After all that, there’s an upbeat post a couple of weeks later about a nice rosé. And then the blog ends.
Quite often, a reader can only venture a guess as to why a blog has ended. You can imagine in some cases that the author has undergone something that disrupts their ability to tend to their hobby—a family tragedy, a layoff—or even, as in the case of the Fringe Wine blog, that they have died. Presumably, the disruptions that bring blogging to an end are also often happy ones: marriage; children; a better, more engaging job; a new interest or passion.

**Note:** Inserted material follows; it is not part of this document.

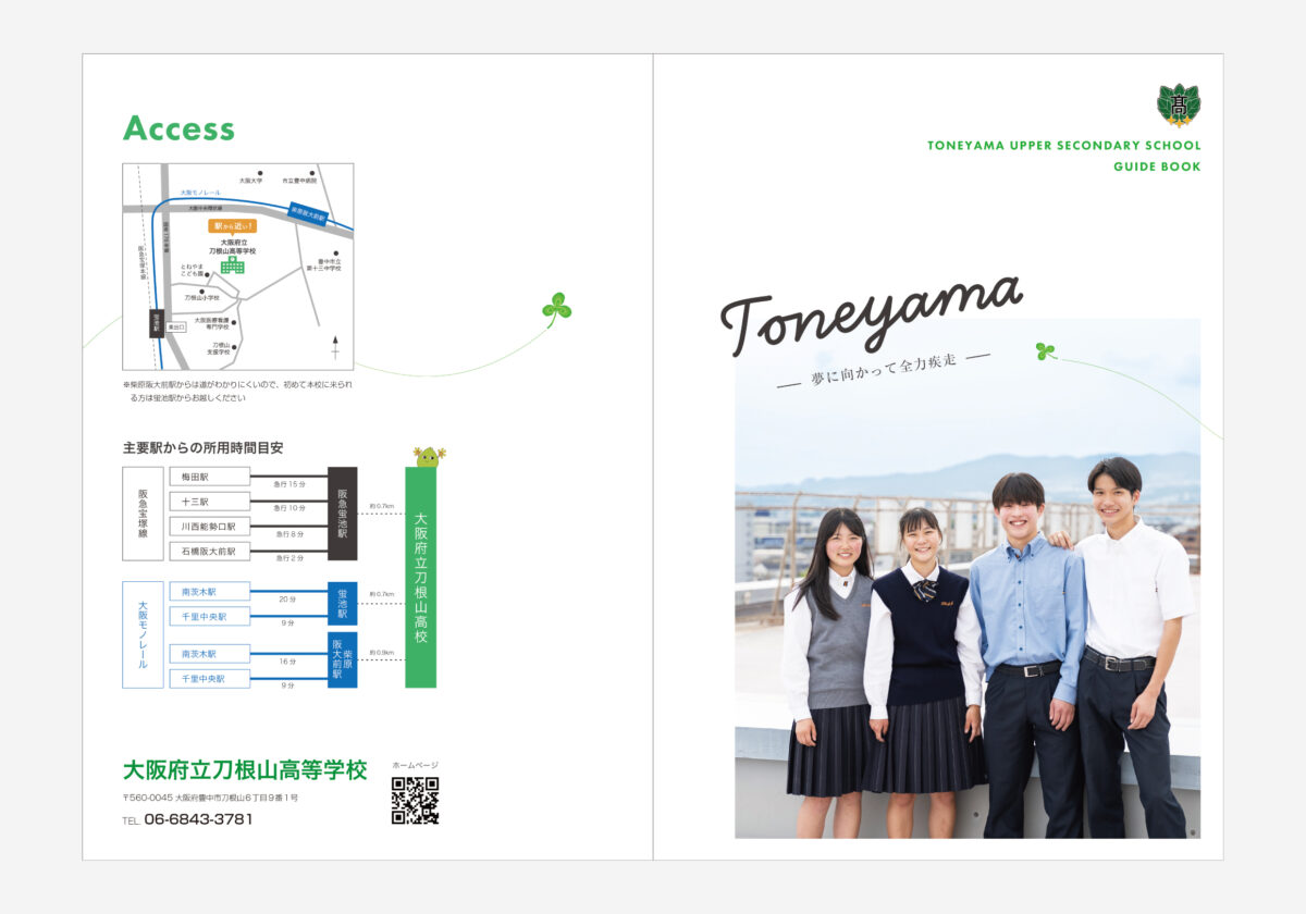 大阪府立刀根山高等学校様では、志望者数の減少こそないものの、この先に生徒数が減少していくことを見据え、より学校の特徴を伝える必要があるという危機感をお持ちでした。しかし、学校説明会や中学への配布には10年近く前に作成された学校案内パンフレットを使用していたため、情報が古く、今の時代に合っていない表現も多く掲載されていました。「古くなったデザインを一新してイメージを良くしたい」「学校の特徴を伝わりやすくしたい」といった課題を抱えておられました。

But this leaves a higher-level question: Is there a proper way for a publication to die? It is unrealistic to expect a project like a blog to simply go on forever, given how personal many of them are and how much labor goes into them. Most bloggers, like most actual magazines, never telegraphed any limit or lifespan to these publications, and by all appearances intended to keep them going forever. Yet in some ways, the tools and platforms that allow any individual to build their own blog—their own mini-magazine of me—actually hide just how much work it is.
That juxtaposition, and that phenomenon of publishing technology hiding effort, is elevated even more with the current generation of blog-like tools, like Substack (full disclosure and shameless plug, I have one, and I intend to publish there forever). Substack and a handful of similar platforms bill themselves as “newsletter” platforms, but they can be used for anything from a literal newsletter to a blog to an actual magazine, like The Bulwark.
Substack is still relatively new, and it’s still the most current iteration of the online, self-publishing platform. But it’s old enough, having launched in 2017, that it’s no doubt already host to abandoned publications. What does the “dead Substack” look like—keeping in mind that many Substacks are locked and accessible only for paying subscribers?
But while almost all of them are doomed to eventual death—or perhaps we should call it completion, when there’s nothing left to write—these spunky publications are cultural resources. Many of them contain immense amounts of information and research that would be more or less impossible to gather again. Many will one day serve as vital sources for piecing together the commercial and cultural history of the twentieth and early twenty-first centuries. If their host websites remain online for the long term, or if they are backed up, they may be unearthed by tomorrow’s historians and archeologists, digging not through dirt and rock but through the digital layers buried and left alone in the vastness of the internet. Perhaps that’s as fitting a final resting place as any.